Wegman makes it clear that the Finger Lakes Visitors Association would be willing to assume the chamber’s role in tourism promotion.
“I think it should be concentrated in one agency,” he said. “We would be comfortable taking over the chamber’s tourism efforts.”
Despite the public tension, the two groups keep talking. Wegman is serving on  chamber committee to develop a five-year tourism plan.
“I talk to Dave Wegman all the time,” Linehan said.
Legislature Chairman Robert Multer said he expects it will be November or December before the county designates an official tourism promotion agency for next year and decides whether to provide money to the FLVA.
“Either we take the money from the chamber and give it to them, which appears to be what they want, or we use tax funds,” Multer said. “This is a new organization. We don’t have any evidence of a record of how they are going to operate or what expertise they have. It would be a difficult decision to switch the TPA at this time.”
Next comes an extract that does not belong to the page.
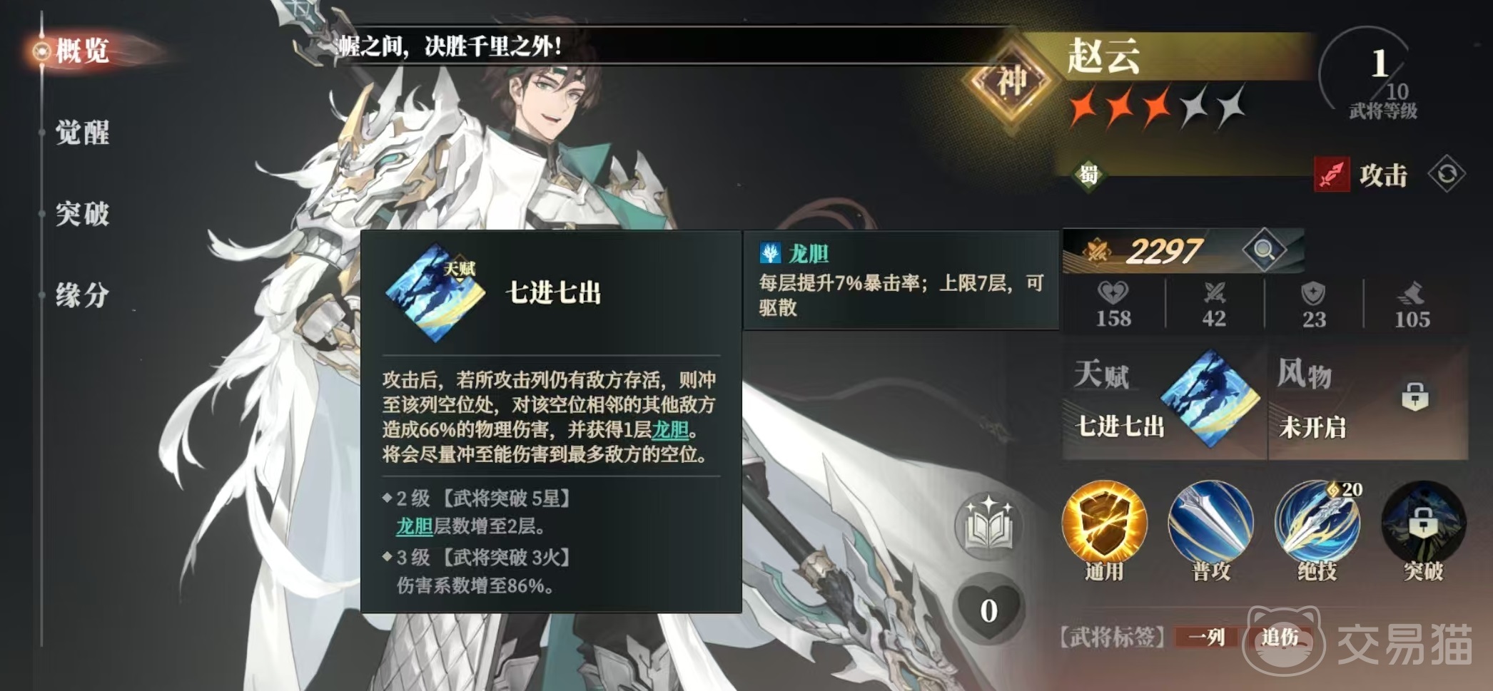 赵云的天赋是七进七出,他在攻击时,如果所选择的攻击列有敌方存活,那么直接冲到该列空位处,对空位相邻其他敌方目标造成一次物理伤害,自身获得一层龙胆。每层龙胆能够提升7%暴击率,上限叠加7层。绝技是豪龙翔空,选中敌方任意一列造成物理伤害,每拥有一层龙胆,可以提升5%的暴击伤害。在突破之后自身回合进行攻击,或者是在敌方回合承受攻击,还能额外提升自身的行动条。

Another option, Multer said, is what he called a split decision—keep the chamber as the tourism promotion agency and give “a little money” to the Visitors Association.
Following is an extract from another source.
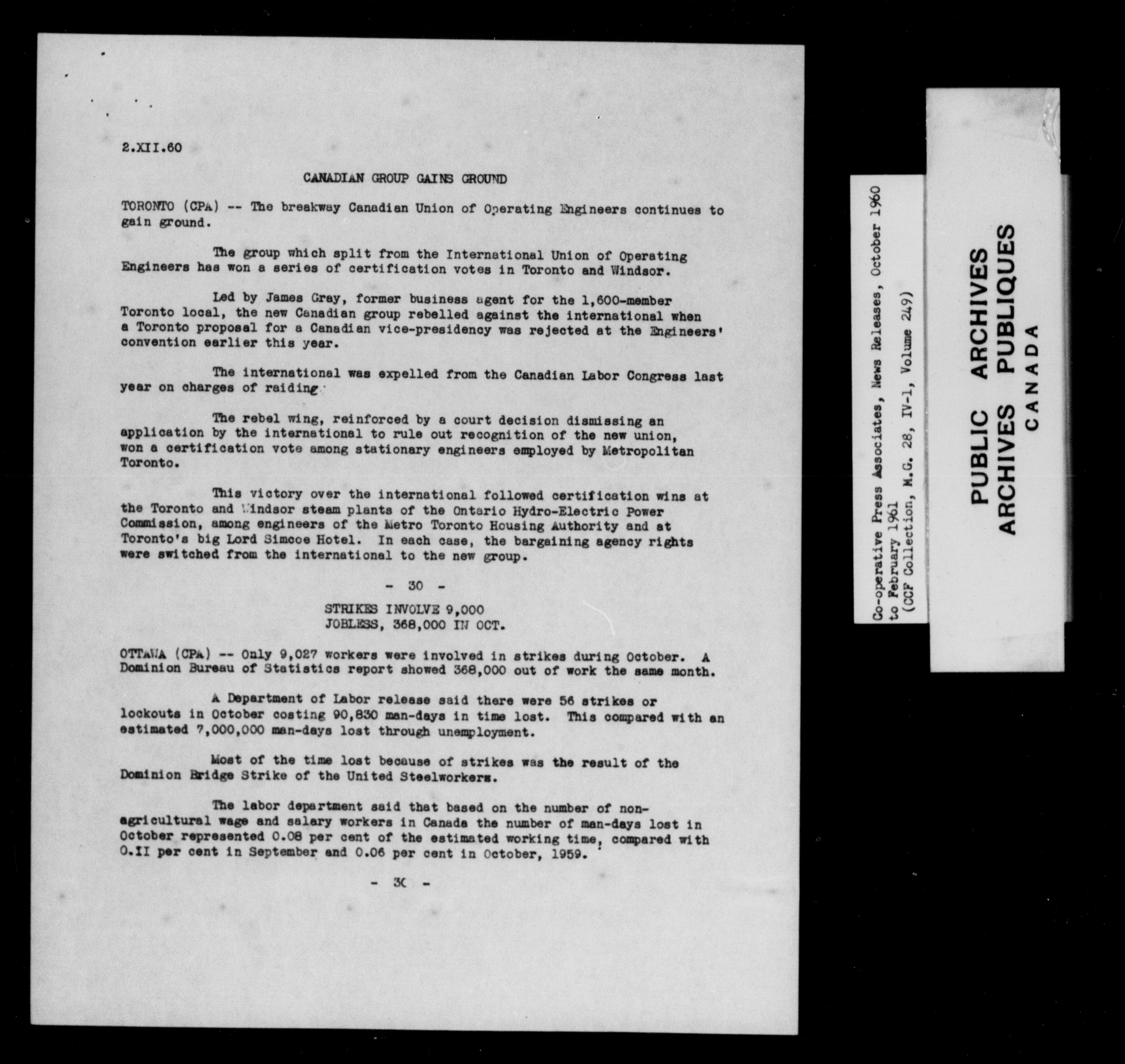 Co-operative Commonwealth Federation (MG 28, IV I) Co-operative Press associates News Releases (1944-1960) - 7028

“We do have some money in reserve from the lodging tax,” he said. “That certainly could be used.”
Multer said his personal opinion is that the Chamber of Commerce has done “a great job” for many years.”
Gene Pierce, a board member of the Chamber of Commerce and the Finger Lakes Tourism Alliance, said he would be “very concerned” if the FLVA received the designation as the county tourism promotion agency.
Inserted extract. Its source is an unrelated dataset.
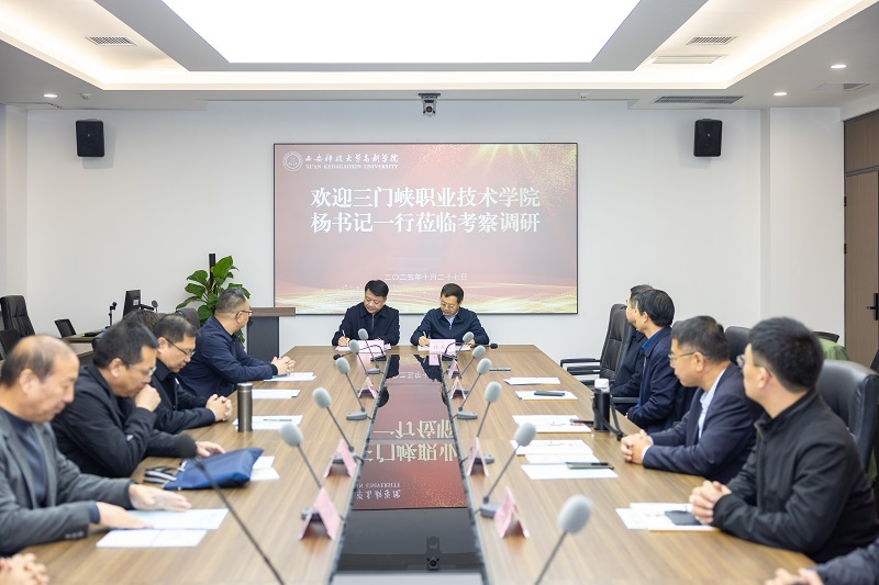 2025年10月27日,三门峡职业技术学院党委书记杨彤率队,副院长彭博、党委委员兼副院长员莹、院长助理李启松等领导一行,赴我院开展考察调研活动。西安科技大学高新学院董事长孙龙杰、副院长王福豹、王国良,院长助理胡秋实、办公室主任王智荣等领导,及陕西航天意德高科技产业有限公司、西安西科节能集团有限公司等企业代表参与此次交流,双方围绕教育发展、校企合作、产教融合等领域深度联动,共探发展新路径。

“It’s unclear whether they have the experience or the program to effectively use that money,” said Pierce, who is also president of Glenora Wine Cellars. “They have not had a great deal of experience in this arena.”
Pierce said is would be advisable for the chamber and the FLVA to reach out to each other in a cooperative manner.
“Perhaps the chamber does need to reach out to the tourism industry more than they have in the past with meetings, seminars, programs, etc.,” Pierce said.
In addition to tourism promotion, Yates County needs new attractions and facilities to draw more people, community leaders say.
“We have the people coming here, but we don’t have enough places for them to spend money,” said Steve Griffin, chief executive officer of the Finger Lakes Economic Development Center. “Another hotel would be a high priority. Personally I think you could put four or five more hotels in this area easily and there would still be enough demand for them to be profitable.”
Griffin said there’s no reason why the chamber shouldn’t continue as the county’s tourism promotion agency.
“There should be a combined effort where you have the private businesses leading the charge for development and efforts on tourism and use the various resources such as the chamber, us and the Finger Lakes Tourism Alliance,” he said. “I hope they can find common ground.”
Cynthia Kimble, president of the Finger Lakes Tourism Alliance, said about half the counties in the region have an agency devoted exclusively to tourism promotion. The rest operate through organizations that also have other responsibilities, such as chambers of commerce.
Kimble declined to assess how the FLVA’s five-year plan differs from what the Chamber of Commerce already does.
“That’s not our role to compare plans,” she said. “We work hard to preserve the Finger Lakes brand and will continue to do that whoever the county names as TPA.”
According to a 2009 study by Oxford Economics, tourism supports 12.7 percent of the jobs in Yates County and provides 14.2 percent of the labor income. That makes the county more dependent on tourism than any other in the region.
One thing on which both sides agree: Landing the proposed Finger Lakes Cultural and Natural History Museum would be a major boost for tourism in Yates County. A 60-acre site at Keuka Lake State Park in Branchport is among the six locations still under consideration.